Hierdoor moet elk geval van anorexie gedurende 24u gezien worden als een levensbedreigend spoedgeval waarvoor een snelle interventie van een dierenarts vereist is !!!
Anorexie bij konijnen en cavia’s is meestal een van de eerste symptomen van een onderliggende ziekte. Het is de moeilijke taak van de dierenarts om op zoek te gaan naar de onderliggende oorzaak.
Pathologieën :
Toch lijken er twee zeer frequent voorkomende pathologieën bij deze dieren aan de basis te liggen van de meeste gevallen van anorexie.
1 – Tandproblemen :
Onder tandproblemen vallen onder andere een slechte positie van de tanden ten gevolge van een onvoldoende slijtage, wat aanleiding geeft tot het ontstaan van wondjes in de mondholte. Dit is vaak het gevolg van een rantsoen, arm aan vezels (slijtage van de tanden gebeurt namelijk door de ronddraaiende bewegingen bij het kauwen van die vezels, vergelijkbaar met een graanmolen.) De tanden van een konijn blijven namelijk heel hun leven doorgroeien. Andere oorzaken van dergelijke malocclusie zijn anorexie, trauma of een genetische oorzaak (zoals malocclusie van de snijtanden bij dwergrassen).
Terwijl een malocclusie ter hoogte van snijtanden gemakkelijk vastgesteld en behandeld kan worden, blijft een malocclusie ter hoogte van maaltanden vaak ongediagnosticeerd zolang het dier eet.
Zodoende kunnen er tandpunten gevormd worden die wonden veroorzaken in de mondholte. De pijn die hierbij ontstaat, leidt ertoe dat het dier stopt met eten en overvloedig speeksel gaat produceren.
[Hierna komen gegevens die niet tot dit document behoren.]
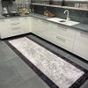 Geometrik Çizgili Lateks Deri Taban SAÇAKSIZ Mutfak Halısı - GRİ - SİYAH
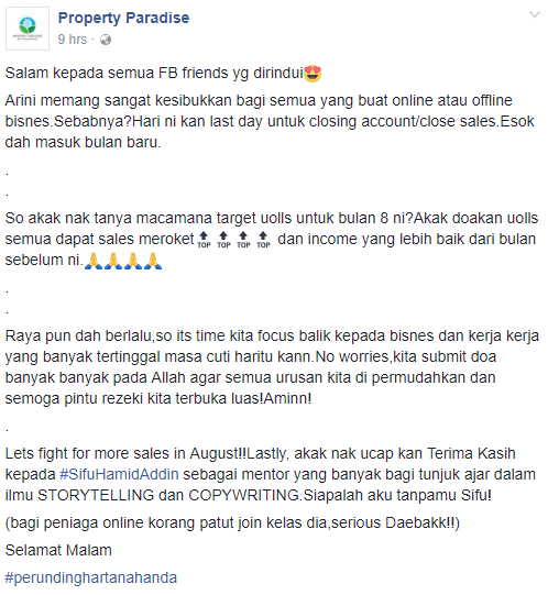Rahsia untuk menjual di FB Personal sebenarnya terletak kepada 'cerita' yang kita karang, yang kita tulis.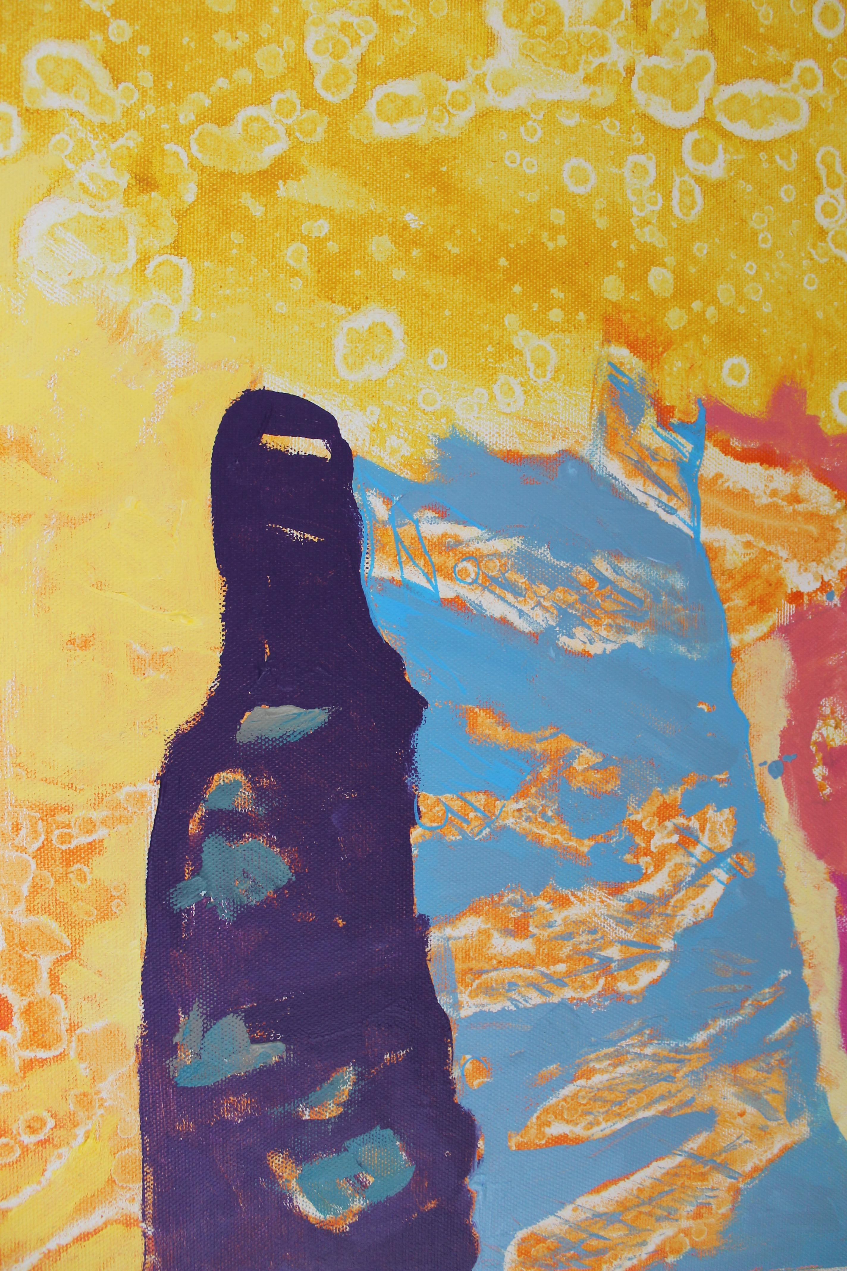 The story of one day. An expressive, modern, abstract painting created by drops and splashes of paint that sparkles and shimmers! The colors are superimposed on each other and also c...

Bij ernstige gevallen zien we dat de maaltanden door de oogkas gaan priemen en zo purulente conjunctivitis of abcessen veroorzaken.
Bij cavia’s kunnen extreme gevallen van uitstekende tandpunten aanleiding geven tot het ontstaan van een “tandbrug”, waarbij de maaltanden van de overstaande zijden van de mondholte met mekaar in verbinding komen te staan over de tong heen.
Rol van de eigenaar :
- Drie maal per dag dwangvoederen tot het dier weer uit zichzelf eet.
- Vers ananassap of hooithee toedienen ter rehydratatie.
- Erop toezien dat het dier keutels blijft produceren.
HET VOEDINGSPATROON IN EVENWICHT BRENGEN !! Met hooi
Opgelet : er komen vaak recidieven voor.
2 – Maag-/darmobstructie :
Obstructies ter hoogte van het spijsverteringsstelsel komen vooral voor gedurende de rui, en eerder ter hoogte van de maag dan ter hoogte van de darmen. Aan de basis van dergelijke occlusies liggen zogenaamde « trichobezoaren » of haarballen.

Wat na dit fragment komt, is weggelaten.